The existing monitoring system involves a simple threshold on the dose rate, and/or a threshold on regions-of-interest in the spectra, which are associated with particular isotopes. The goal of this process is to monitor and flag isotopes of interest and detect any generally anomalous events. Each spectra that is flagged by the system is then analyzed by a physicist at the Radiation Protection Bureau to determine the source and ensure that the isotopes of interest are being emitted in safe amounts and at an acceptable frequency. The threshold-based system, however, flags a large number of false positives, which leads to a high cost in terms of human analysis and a potential lag in evaluation.

The general work of our lab in conjunction with the Radiation Protection Bureau has been to devise more sophisticated means of anomaly detection and classification of isotopes of interest. The work in this article is particularly focused on the task of classifying a general category of isotopes of interest. The complicating property of this data is the degree of imbalance between the background class and the class of isotopes of interest.

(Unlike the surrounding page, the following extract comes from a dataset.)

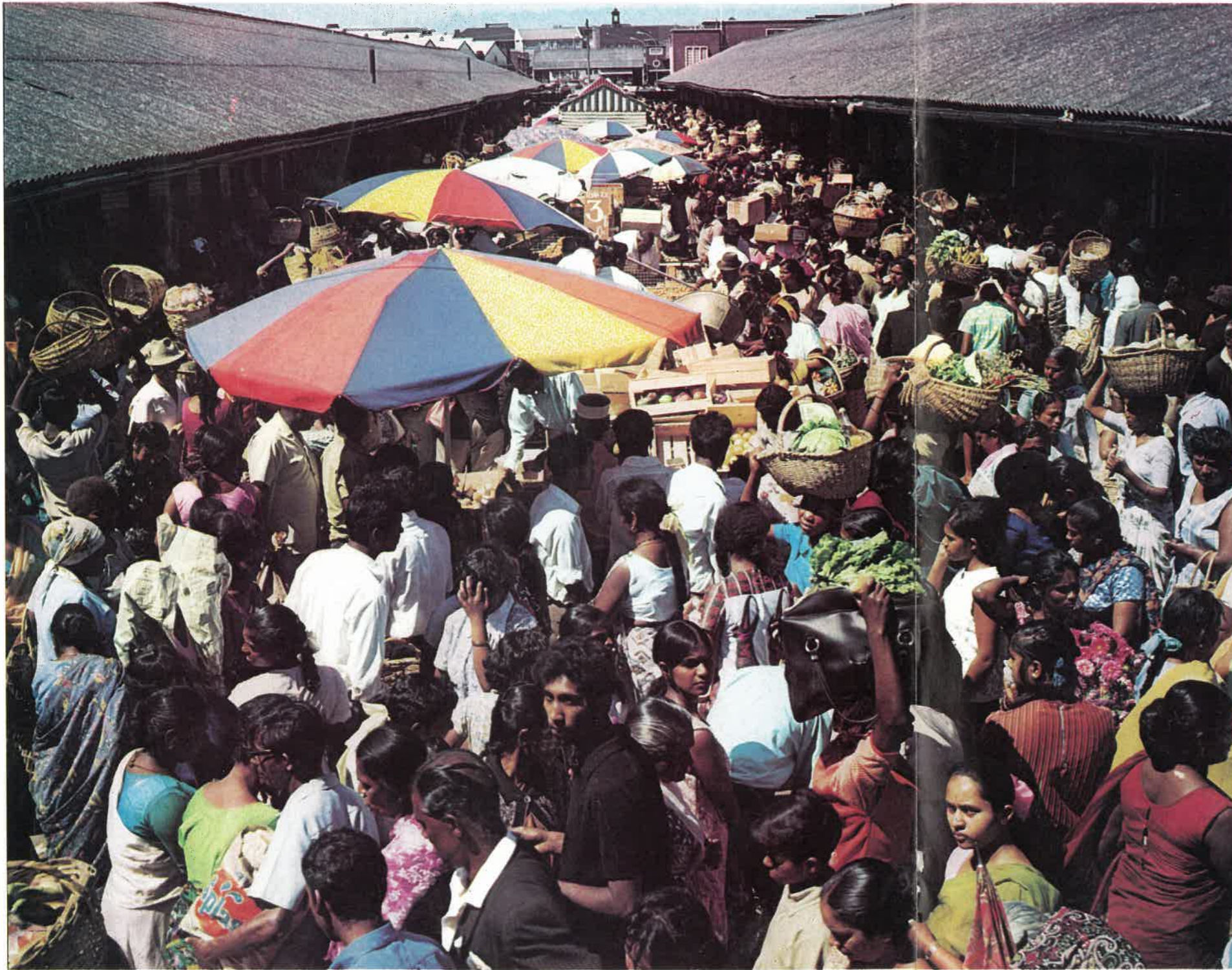
Bottom: Grey Street, Durban – heart of the Indian business world. Its Eastern atmosphere fascinates visitors to the city

In addition to the national monitoring stations, the Radiation Protection Bureau collaborates with various Canadian security agencies, such as The Canadian Nuclear Safety Commission, Defence Research and Development Canada, Canadian Security Intelligence Service, etc., to deploy gamma-ray spectrometers during high profile events. These agencies deployed gamma-ray spectrometers in and around the Greater Vancouver Area during the 2010 Olympics in order to gather and monitor gamma-ray spectra for isotopes of interest that may signify a person transporting a material that poses a radioactive threat to participants and spectators at the Winter Games. Whilst the Games have long since closed, the data is highly imbalanced and provides an excellent platform on which to evaluate our proposed manifold-based synthetic oversampling framework.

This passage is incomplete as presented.